As an aspiring designer, I have conditioned myself to develop a critical view of the world and uncover the fundamental elements of design within my daily life. This has not been an easy skill to acquire. It requires living in the present, analyzing things and situations on the fly, breaking things down into their individual parts, and then stitching all these things back together to see how the bigger picture unfolds. In order to develop this form of thinking, you have to put yourself in situations that expand your mind, question your ideals, and make you uncomfortable.
This is where Casual Carpool comes in.
Casual Carpools “are informal car pools that form when drivers and passengers meet — without specific prior arrangement — at designated locations.” Essentially I walk down my street, hop in line, and get picked up by a stranger — no biggie. Some people think I’m crazy for riding with a stranger, but it’s fast, cheap, and has truly broadened my understanding of design.
By drawing parallels between my journey as a designer and casual carpool, I want to share with you some insights that have helped me become a better designer and an all-around more positive person.
Here are a few lessons I learned from riding shotgun with a stranger:
1. Casual carpool has been around for over 30 years, there is a reason it works.
Casual carpool has fundamental rules that everyone must follow to ensure consistency and safety. These rules create order, clarity, and constraints to ensure that both drivers and riders needs are met. Consequently, these rules are often broken, localized, or evolved to fit the needs of the community. This may not be a bad thing, but if these fundamental rules weren’t in place, there would be chaos!
This same idea can be applied to design. Without foundational rules or principles to guide our work, the goals we set to accomplish become unclear. We let features take precedence over functionality, we design ego-centrically rather than user-centrically, and we create finite things that don’t impact the world in the way that they should.

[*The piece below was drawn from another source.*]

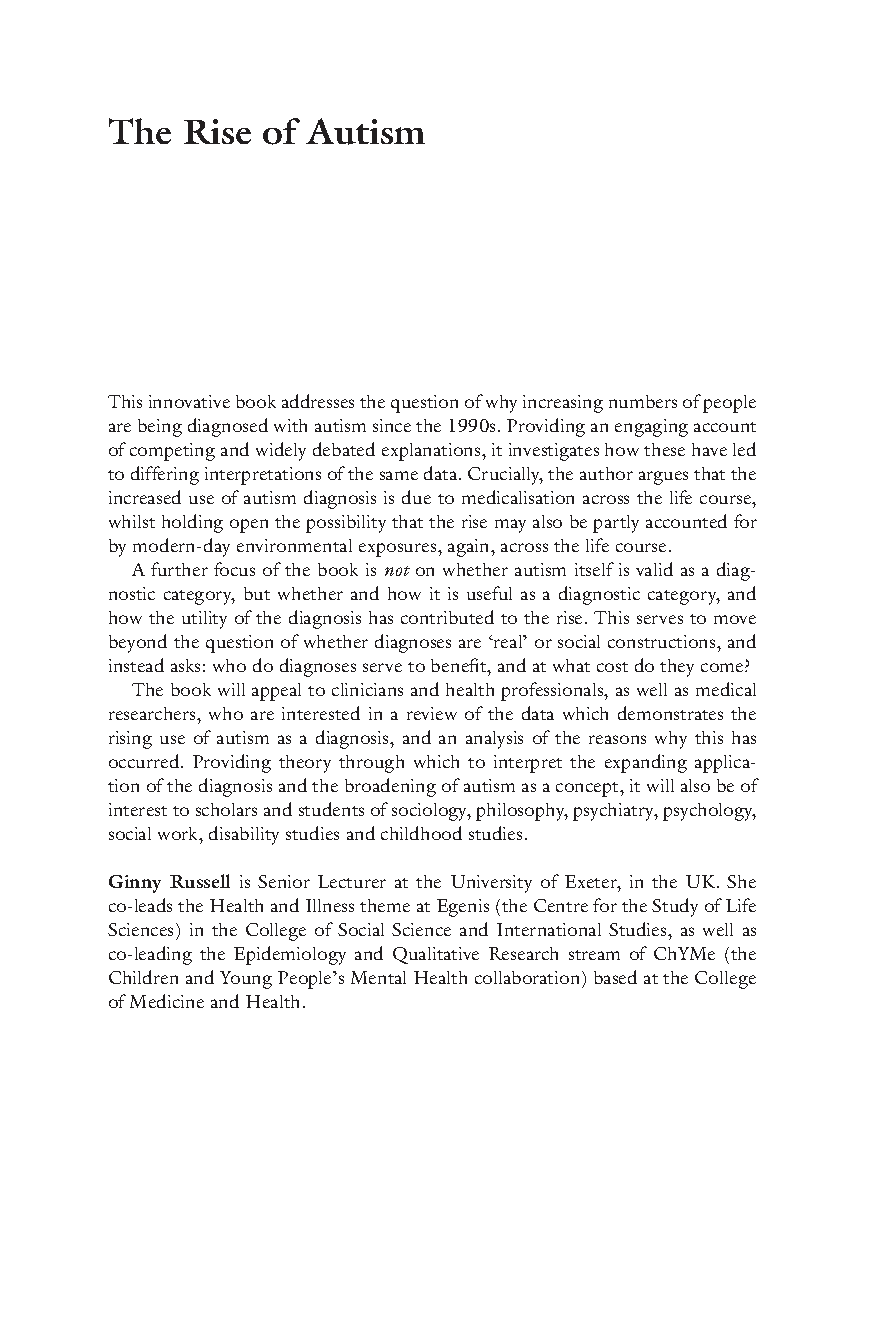 The Rise of Autism: Risk and Resistance in the Age of Diagnosis (1st Edition) by Ginny Russell - Essential 2025/2026 Reading to Ace Sociology of Health Exams & Avoid Resits.

We have to remember that although we want to put our secret sauce on all the projects we’re working on, there are foundational rules that every designer must follow, in order to effectively find a solution to the problem at hand. Dieter Rams’ “10 Principles for Good Design” is a great place to get started.
2. Some days you’ll get a BMW and other days you’ll get a box on wheels.
When I get to the front of the casual carpool line, I can cross my fingers, stroke my lucky rabbits foot, pull out my four-leaf clover, and I still might not get the convenience of a comfortable luxury car.
Similarly, throughout our careers we’ll get some great projects, and we’ll get some not-so-great projects. Just like your choice of car in casual carpool, you won’t have much control over the projects that you work on. What you do have control over is your attitude.
We need to take a positive approach to the design problems that we have to solve. We should ask ourselves questions like, “ How am I helping the user?” and “ How can I use this project to contribute to my long-term goals as a designer?”. Asking ourselves these questions will really help us dig down into the deeper meaning behind the problem and help motivate us whenever we’re faced with unsexy design problems.
3. Just because you got a ride, doesn’t mean you’ll get to The City on time.
We can never fully anticipate the car accidents, construction, and traffic on the way to the City, just as we can’t anticipate the bumps along the road to becoming a great designer.
When it comes to planning design sprints, optimizing your workflow, brainstorming new ideas, etc., planning ahead and anticipating the bumps along the way will save you a lot of bandwidth and cognitive load.
I always take care of the things I can control and plan for the things that I can’t. Before I make my way down to casual carpool, I always check the weather, glance at Waze, and set aside some time in the morning to gather my thoughts and things before I tackle the day.
When faced with a project deadline, I love to use a combination of different project management tools to help me get the job done. Some of these include: Trello, Basecamp, and my Gmail Calendar. Additionally, I timebox shorts sprints of work and leave some time inbetween to refresh my mind and prevent creative fatigue.
4. It doesn’t matter how you get to The City, as long as you get there.
When I first started taking casual carpool and before I was familiar with Oakland, I hopped in the car with a stranger with the expectation that we were going straight to the City. My driver took me on a wild goose chase throughout the side streets of Oakland. I had no clue where we were going. I was going to die. I was done for. Little did I know that my driver knew exactly where he was going. We bypassed all the traffic in the East Bay, and actually got to the City faster than usual!
Throughout your design career you probably won’t know what you’re doing or where you’re going for a while. There will be circumstances in your life that you have no control over. Just like my casual carpool driver taking me for a joy ride, your career as a designer may take you to places that you never anticipated.
But trust the process and trust your struggle. Take care of the things you can control and have the confidence that the path you’re on will lead you in the right direction. It may not be the exact path that you set out for yourself, but who knows, it might end up being a more fascinating journey.